I don't think lack of resolution is what arriki was talking about. Resolution comes, not from tying up the plot elements, but from tying up the story package. Of course, it's become common to leave loads of plot threads dangling. (And I don't mean just a few, which is good for showing that the story takes place in a larger continuum--it didn't come from nowhere, and the world goes on after. No, I mean you're left with the feeling of "what happened?" and even "why did I read this?") But in most of those cases, that happens when the climax isn't quite yet in sight. It doesn't skip over the OBVIOUS climax. As arriki said:

quote:
No. The scene stops before the release of tension that way. It just hops over to days later and a sort of "subtle" denouement.

I don't think that what Block does is exactly what arriki was talking about, either. There, the end of a SCENE is skipped, because what happens is obvious AND the reader doesn't really want to have to go through it. The problem--at least in the cases that caused the initial reaction--comes from cases where the CLIMAX is skipped.
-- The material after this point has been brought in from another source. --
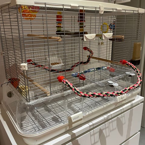 Orsi, jossa kynsien hiomista varten oleva pinta, juomapullo, iso juomapullo, sekalaisia pidikkeitä jotta juomapulloja saa kiinni häkkiin.

And arriki's initial guess is also exactly why it's done. It IS harder to write. It IS liable to sound trite, and if it does, it's a big letdown. Leaving it out will be a letdown, too, but at least it won't be trite. So why not leave it out, when people can figure it out anyway?

I'll tell you why. That's a form a cowardice. "I'm afraid I won't be able to tell this effectively enough, so I won't. They'll get it anyway." Bad choice.

The thing to do is to tell it as well as you can. If you're not satisfied, keep working on it until it gets better. Reach deep. The results will be worth it.

[This message has been edited by rickfisher (edited January 11, 2008).]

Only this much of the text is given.